SAT increases over Northern Hemisphere land due to sea ice discrepancies occur over the Canadian Archipelago, the northeast coast of Greenland, and northern Eurasia in the NT, NIC, and BOOT simulations compared with the CONTROL, but do not extend to lower latitudes. The temperature changes over Eurasia are due to sea ice–induced changes in circulation, which are discussed in the next section.

In areas of ocean that are not covered by sea ice the differences in temperature are suppressed due to the prescription of the same SSTs in each simulation. Consequently, significant differences in SAT occur primarily over and near ice-covered seas and over land down to the midlatitudes. Outside Arctic regions temperature anomalies tend to be <1°C. Temperature anomalies are not well propagated vertically either. Significant changes in modeled temperature do not propagate vertically beyond ∼700 hPa (similar results have been found by Magnusdottir et al. (2004) and Alexander et al. (2004).

2) Sea Level Pressure and Circulation

Differences in simulated mean sea level pressure (MSLP) occur mainly at high latitudes in winter and are a local rather than large-scale response to sea ice discrepancies. The wintertime Icelandic low, Aleutian low, and Azores high occur at similar positions in all of the simulations (MSLP from the CONTROL run is shown in Fig. 5, upper-left plot). Mean sea level pressure anomalies with the NT simulation are given in the lower-left plot (Fig. 5). Only NT − CONTROL anomalies are displayed in the following sections for the reason that these two simulations show the greatest differences and can exemplify similar trends found with the BOOT experiment. The NIC sea ice climatology is the most similar to the CONTROL, also having high concentrations in the central Arctic. However, the trend in anomalies of the NIC simulation with the CONTROL is similar to the NT, albeit much weaker.

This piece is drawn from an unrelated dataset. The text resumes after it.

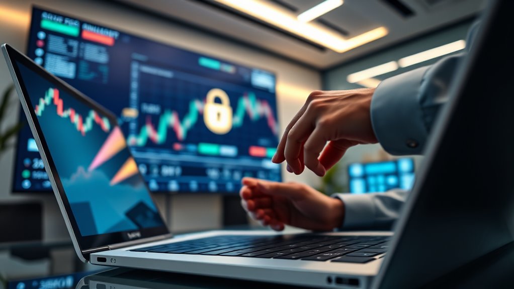 You might notice unusual activity, like unexpected withdrawals or login attempts, which could hint at a compromised exchange. Be alert to phishing attacks that trick you into revealing sensitive info and insider threats that compromise security from within. Sudden account lockouts, suspicious emails, or inconsistent transaction histories are signs your exchange’s safety might be compromised. Stay vigilant and regularly monitor your account for any irregularities to protect your funds.
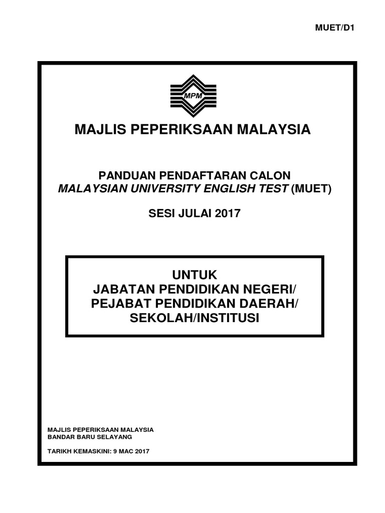 Panduan Pendaftaran Muet Sesi Mac 2018 Borang Online

In general over the central Arctic region in autumn and winter the NT MSLP is significantly lower than the CONTROL (Fig. 5, lower-left plot) due to its warmer, moister lower atmosphere. In some areas an MSLP decrease of >4 hPa was seen, mostly over areas of sea ice discrepancy over ocean east of Greenland and into the Barents Sea. The low pressure anomaly reaches down to the Icelandic low and extends on land over Eurasia. Anomalous cyclonic circulation is induced by the low pressure and brings warmer air from the west into northern Eurasia, increasing the winter SAT average over parts of the continent (see Fig. 4; NT − CONTROL SAT). The low pressure over the Arctic also brings warmer air in from lower latitudes over the GIN and Barents Seas, which results in the temperature increases in the NT compared to the CONTROL even over areas in these regions that are ice covered in the NT experiment but not in the CONTROL (see Fig. 4).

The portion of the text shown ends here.